At one point, Douglas informs Kramer, “If I have to listen to you bitch, don’t be surprised if I beat you to death with my shoe,” which lead to an emergency pause-to-laugh situation here at Casa de la Stacia, then a lengthy conversation in which my husband and I discussed how hard it would be to beat a 70-year-old Republican to death with a shoe (verdict: not hard) and whether the Democratic beater being 70 years old himself would increase the difficulty (verdict: very much, yes). Actual discussion quote: “On the one hand, he’s 70, but on the other hand, he’s 70.”
The IMDb mentions Lemmon really did serve in the Navy, but the photo used for the cutout in the presidential museum will be recognizable to film buffs as a photo from his role in The Wackiest Ship in the Army, slightly off-center tie and everything.

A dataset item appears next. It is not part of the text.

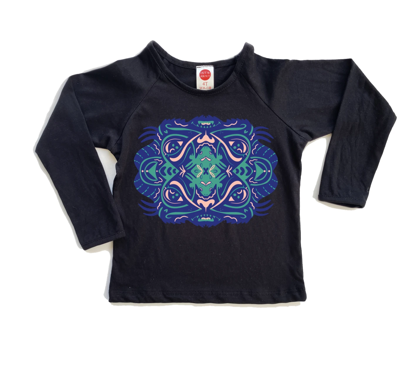 חולצת ילדים 100% כותנה, מיוצר ונתפר בישראל. גזרת רגלן למראה משודרג הדפס של סטודיו וקטו: ,תמנון בסגנון טרייבל אבסטרקטי צבעוני

My Fellow Americans was directed by Peter Segal, who had just directed Naked Gun 33 1/3 (1994) and Tommy Boy (1995), and it shows. The film spends most of its runtime in shot/reverse shot format, and doesn’t do a great job of integrating all the scenes which were obviously shot separately. The two main female characters, played by Lauren Bacall and Sela Ward, seem shoehorned in and unnecessary, which is unfortunate on a lot of levels.
Everett McGill’s turn as a shadowy member of an alphabet agency is quite good, and I was shocked to see critics single him out as being the worst part of the film, because he is, in truth, one of the best parts of the film. He does the exact right thing the villain of a comedy needs to do: act like he’s in another film. He puts in the kind of perf that wouldn’t seem out of place in a mid-90s actioner, which does more for the rather specious plot than anything else in the film.
There are some solid cameos from Esther Rolle, Conchata Ferrell, James Rebhorn and stalwart TV character thesp Jeff Yagher, and John Heard is pretty good as the Dan Quayle-esque dippy V.P., but Ackroyd has nothing to do.
These guys, I swear.
The biggest flaw in the film — though the film is, admittedly, not the kind of movie you should even be looking for flaws in, because it’s light entertainment and doesn’t pretend to be anything else — is that it isn’t particularly kind to regular folks. That’s kind of odd, since the moral center of the film is based on the notion that political servants need to remember they are working for the people, not for themselves. My Fellow Americans is exceedingly kind to its two leads, however, who are allowed to be charming and charismatic and fun, and whose sheer exuberance turns a strange tale about the attempted assassination of two former presidents into a delightful, lighthearted comedy.
My Fellow Americans has recently been re-released on made-on-demand DVD by Warner Archive. The disk includes the trailer and blooper reel, and looks to be the same release from a few years ago that is now out of print.